● **Task inputs**:
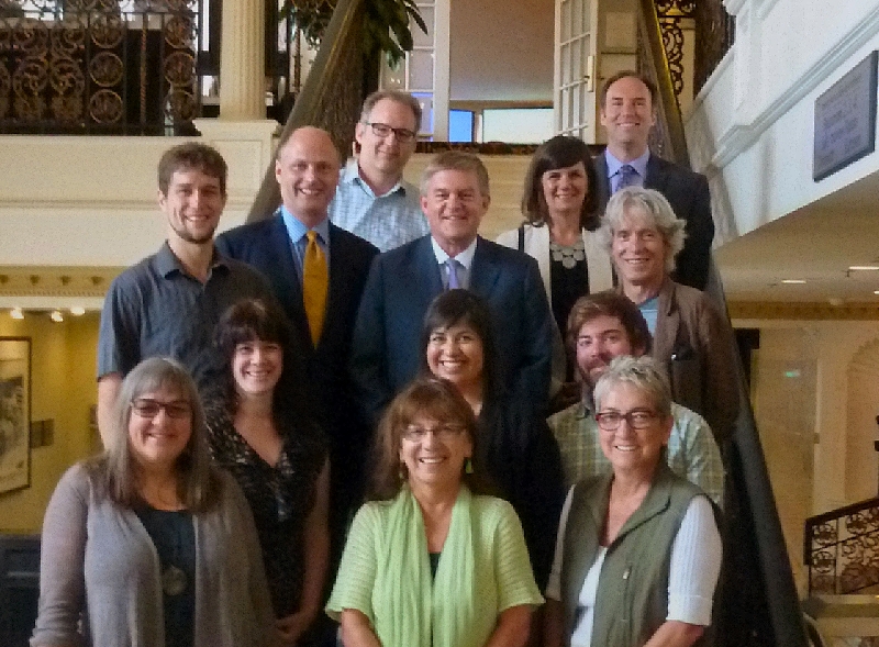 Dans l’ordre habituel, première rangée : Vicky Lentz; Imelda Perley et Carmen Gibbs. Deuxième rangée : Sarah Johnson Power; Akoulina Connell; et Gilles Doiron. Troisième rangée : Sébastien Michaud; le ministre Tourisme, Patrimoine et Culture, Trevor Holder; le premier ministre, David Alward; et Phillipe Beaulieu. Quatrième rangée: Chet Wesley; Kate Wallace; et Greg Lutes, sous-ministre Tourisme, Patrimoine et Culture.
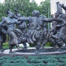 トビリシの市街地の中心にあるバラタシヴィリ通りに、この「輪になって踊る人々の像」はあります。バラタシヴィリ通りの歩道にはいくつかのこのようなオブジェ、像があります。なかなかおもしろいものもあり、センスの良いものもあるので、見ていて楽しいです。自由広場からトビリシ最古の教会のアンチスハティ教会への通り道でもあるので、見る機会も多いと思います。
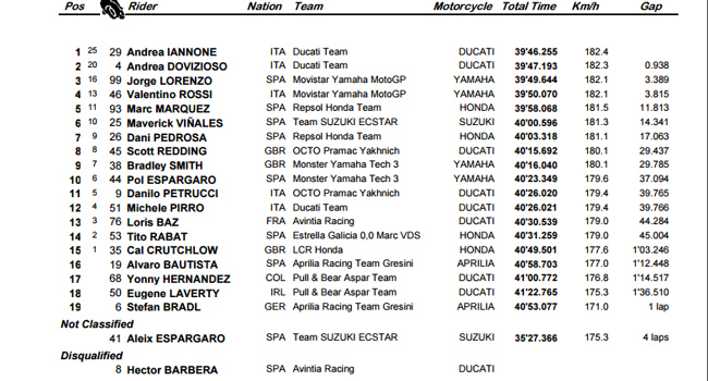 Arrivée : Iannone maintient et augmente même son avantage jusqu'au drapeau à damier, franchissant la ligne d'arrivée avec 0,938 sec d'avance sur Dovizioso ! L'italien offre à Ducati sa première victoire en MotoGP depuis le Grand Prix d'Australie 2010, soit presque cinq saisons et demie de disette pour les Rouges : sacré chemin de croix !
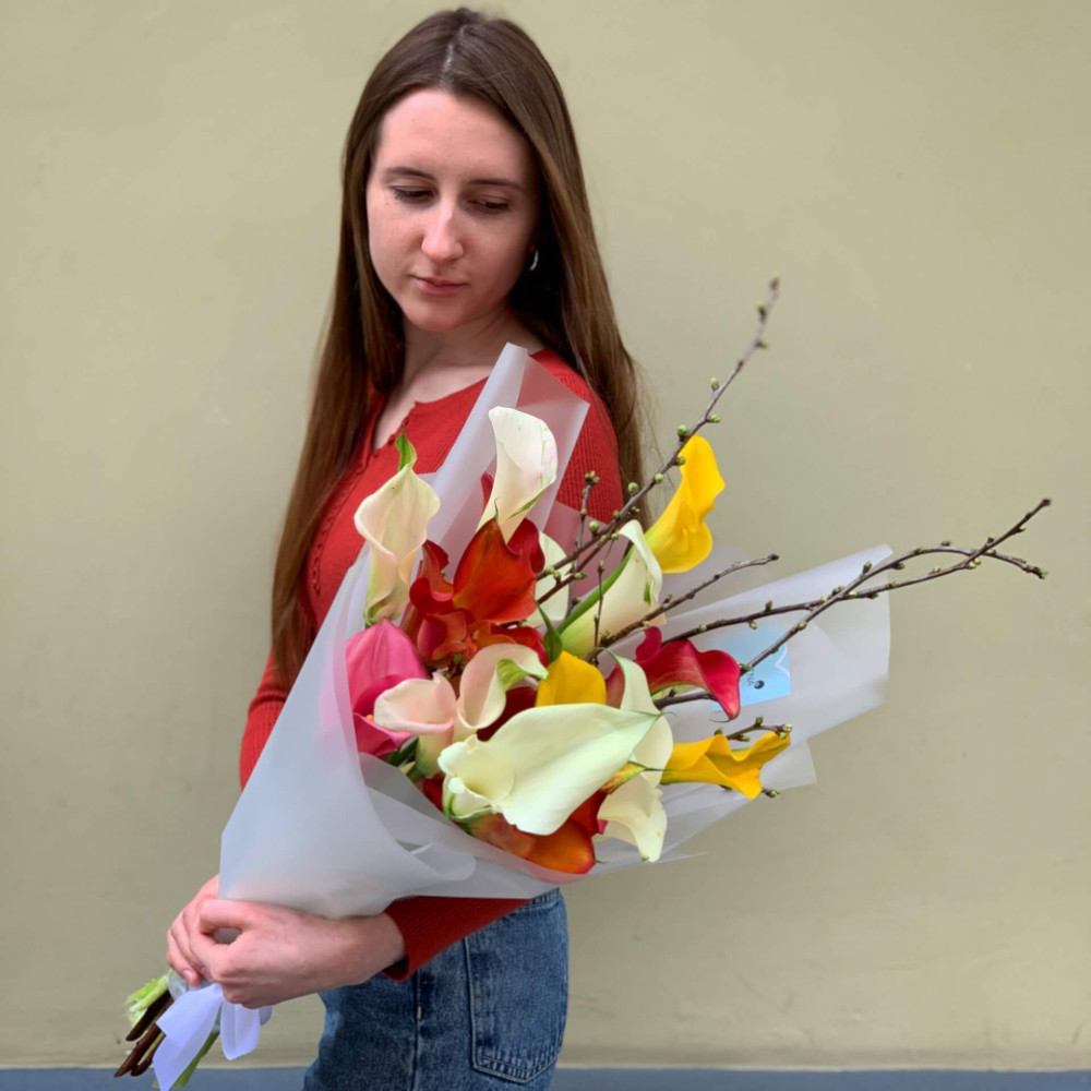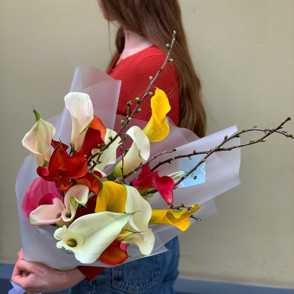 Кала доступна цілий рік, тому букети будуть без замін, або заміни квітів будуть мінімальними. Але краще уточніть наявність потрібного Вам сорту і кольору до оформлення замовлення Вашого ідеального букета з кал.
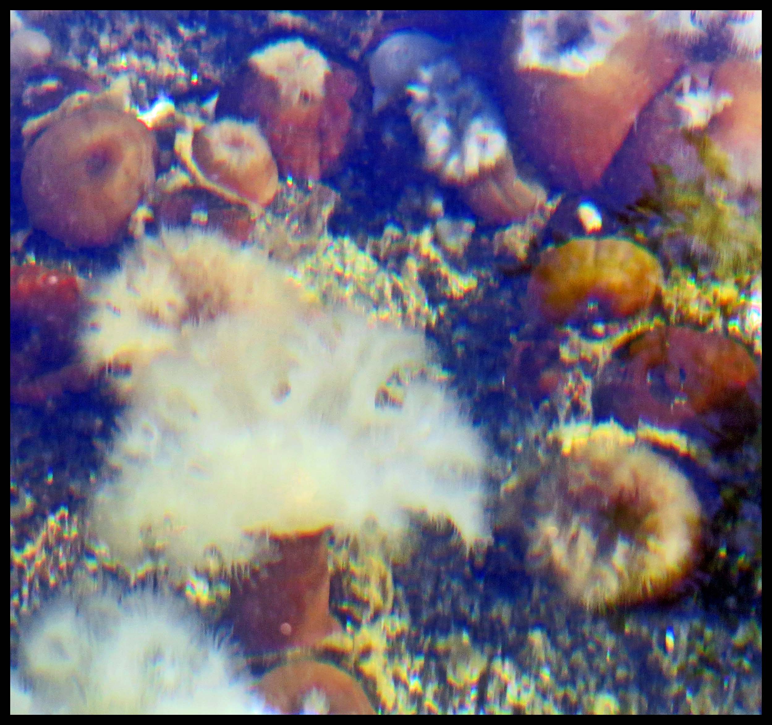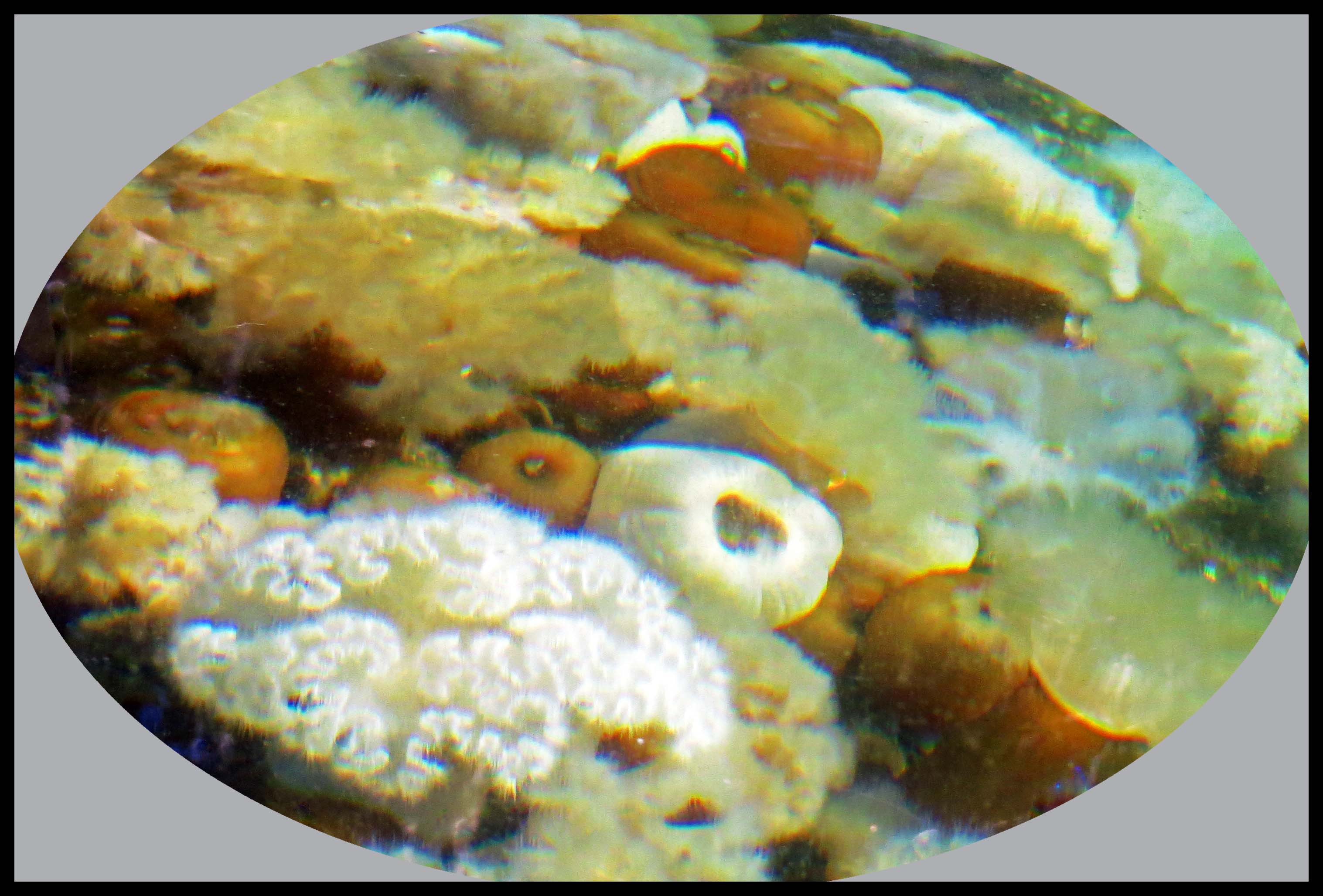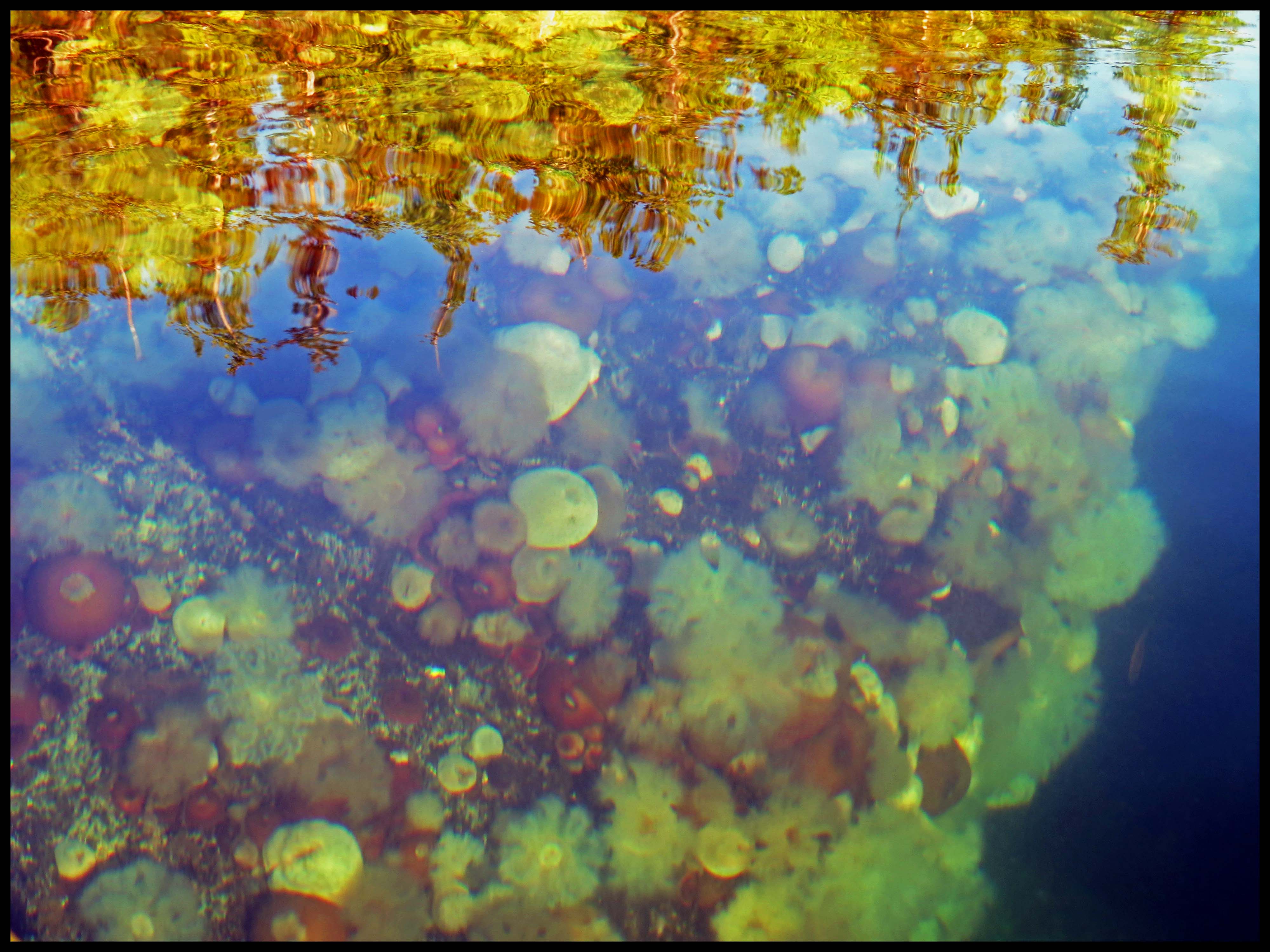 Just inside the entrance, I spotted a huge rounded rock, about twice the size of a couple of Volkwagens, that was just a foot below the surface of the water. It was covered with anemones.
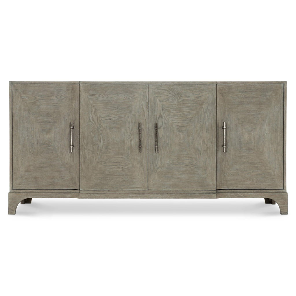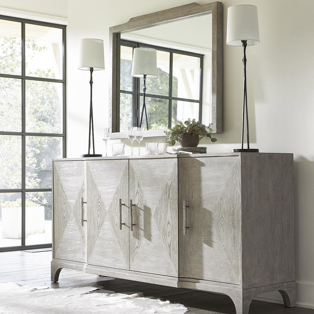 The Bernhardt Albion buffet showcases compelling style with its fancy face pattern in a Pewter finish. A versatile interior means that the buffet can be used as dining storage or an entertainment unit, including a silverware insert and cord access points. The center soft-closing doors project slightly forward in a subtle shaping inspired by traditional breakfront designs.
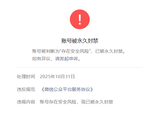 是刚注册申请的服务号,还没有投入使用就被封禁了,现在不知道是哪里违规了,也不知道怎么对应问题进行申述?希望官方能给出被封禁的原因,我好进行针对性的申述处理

● **About this task**:
Take the material above and set it down exactly, minus the images.

● **Result of the task**:
 Dans l’ordre habituel, première rangée : Vicky Lentz; Imelda Perley et Carmen Gibbs. Deuxième rangée : Sarah Johnson Power; Akoulina Connell; et Gilles Doiron. Troisième rangée : Sébastien Michaud; le ministre Tourisme, Patrimoine et Culture, Trevor Holder; le premier ministre, David Alward; et Phillipe Beaulieu. Quatrième rangée: Chet Wesley; Kate Wallace; et Greg Lutes, sous-ministre Tourisme, Patrimoine et Culture.
 トビリシの市街地の中心にあるバラタシヴィリ通りに、この「輪になって踊る人々の像」はあります。バラタシヴィリ通りの歩道にはいくつかのこのようなオブジェ、像があります。なかなかおもしろいものもあり、センスの良いものもあるので、見ていて楽しいです。自由広場からトビリシ最古の教会のアンチスハティ教会への通り道でもあるので、見る機会も多いと思います。
 Arrivée : Iannone maintient et augmente même son avantage jusqu'au drapeau à damier, franchissant la ligne d'arrivée avec 0,938 sec d'avance sur Dovizioso ! L'italien offre à Ducati sa première victoire en MotoGP depuis le Grand Prix d'Australie 2010, soit presque cinq saisons et demie de disette pour les Rouges : sacré chemin de croix !
 Кала доступна цілий рік, тому букети будуть без замін, або заміни квітів будуть мінімальними. Але краще уточніть наявність потрібного Вам сорту і кольору до оформлення замовлення Вашого ідеального букета з кал.
 Just inside the entrance, I spotted a huge rounded rock, about twice the size of a couple of Volkwagens, that was just a foot below the surface of the water. It was covered with anemones.
 The Bernhardt Albion buffet showcases compelling style with its fancy face pattern in a Pewter finish. A versatile interior means that the buffet can be used as dining storage or an entertainment unit, including a silverware insert and cord access points. The center soft-closing doors project slightly forward in a subtle shaping inspired by traditional breakfront designs.
 是刚注册申请的服务号,还没有投入使用就被封禁了,现在不知道是哪里违规了,也不知道怎么对应问题进行申述?希望官方能给出被封禁的原因,我好进行针对性的申述处理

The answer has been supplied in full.